# [Supplied material]

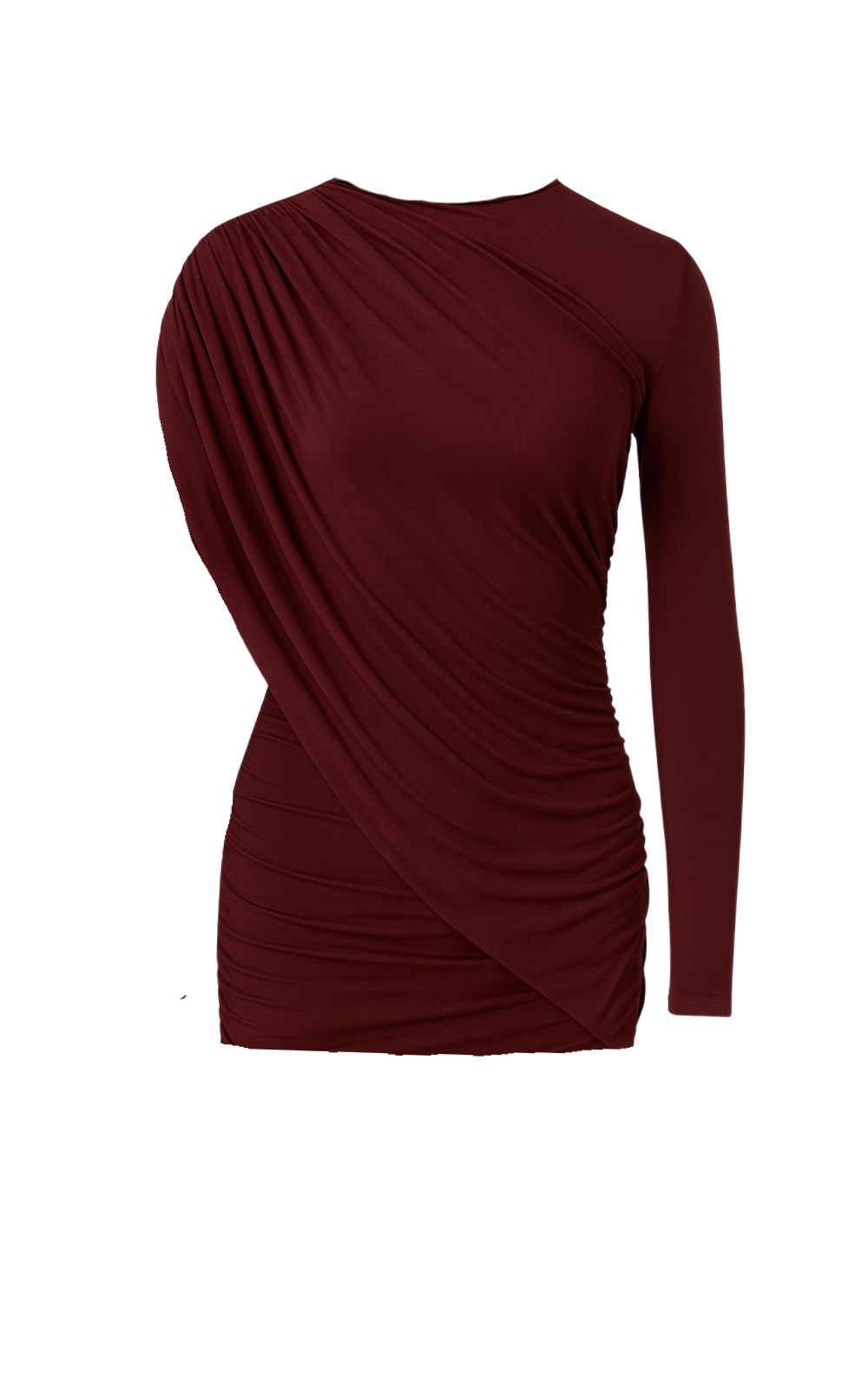 Elegancka mini sukienka wykonana z podwójnej warstwy elastycznego mikromodalu, który zapewnia idealne dopasowanie i wysoki komfort noszenia. Charakterystycznym elementem modelu jest asymetryczny krój bez jednego rękawa oraz luźna, efektownie drapowana szarfa, marszczona i poprowadzona wzdłuż jednego boku, tworząca subtelny efekt opływających linii.
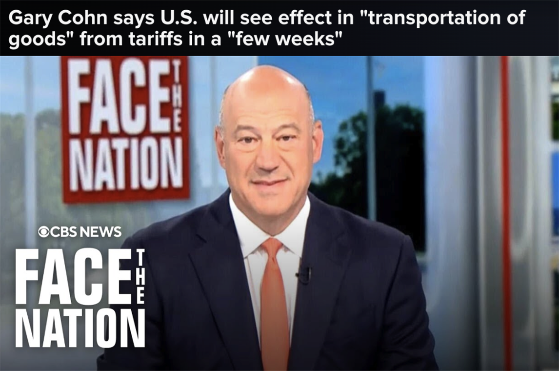 在特朗普第一個(gè)總統(tǒng)任期出任過(guò)總統(tǒng)首席經(jīng)濟(jì)顧問(wèn)的加里·科恩日前在接受美國(guó)哥倫比亞廣播公司采訪時(shí)表示,鑒于進(jìn)口商品的分銷周期約為8周,這意味著美國(guó)政府4月初宣布的所謂“對(duì)等關(guān)稅”的實(shí)際影響將在5月底開始顯現(xiàn)。
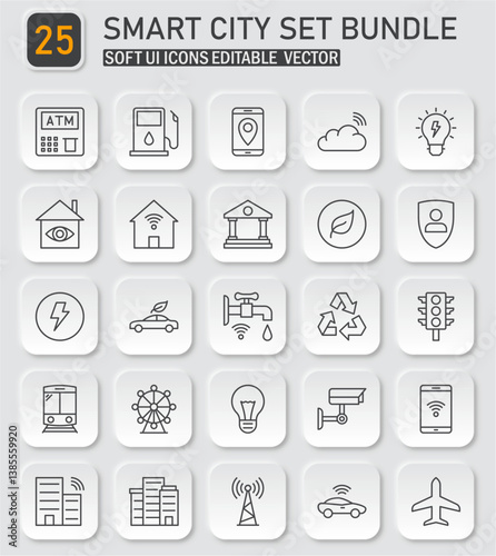 Collection of 25 Neumorphism style Smart City technology vector icon set bundle

# [What is being asked]
Each line from the one containing "在特朗普第一個(gè)總統(tǒng)任" through the last line of the listing must be copied exactly, and the pictures must not be.

# [Completed exercise]
 在特朗普第一個(gè)總統(tǒng)任期出任過(guò)總統(tǒng)首席經(jīng)濟(jì)顧問(wèn)的加里·科恩日前在接受美國(guó)哥倫比亞廣播公司采訪時(shí)表示,鑒于進(jìn)口商品的分銷周期約為8周,這意味著美國(guó)政府4月初宣布的所謂“對(duì)等關(guān)稅”的實(shí)際影響將在5月底開始顯現(xiàn)。
 Collection of 25 Neumorphism style Smart City technology vector icon set bundle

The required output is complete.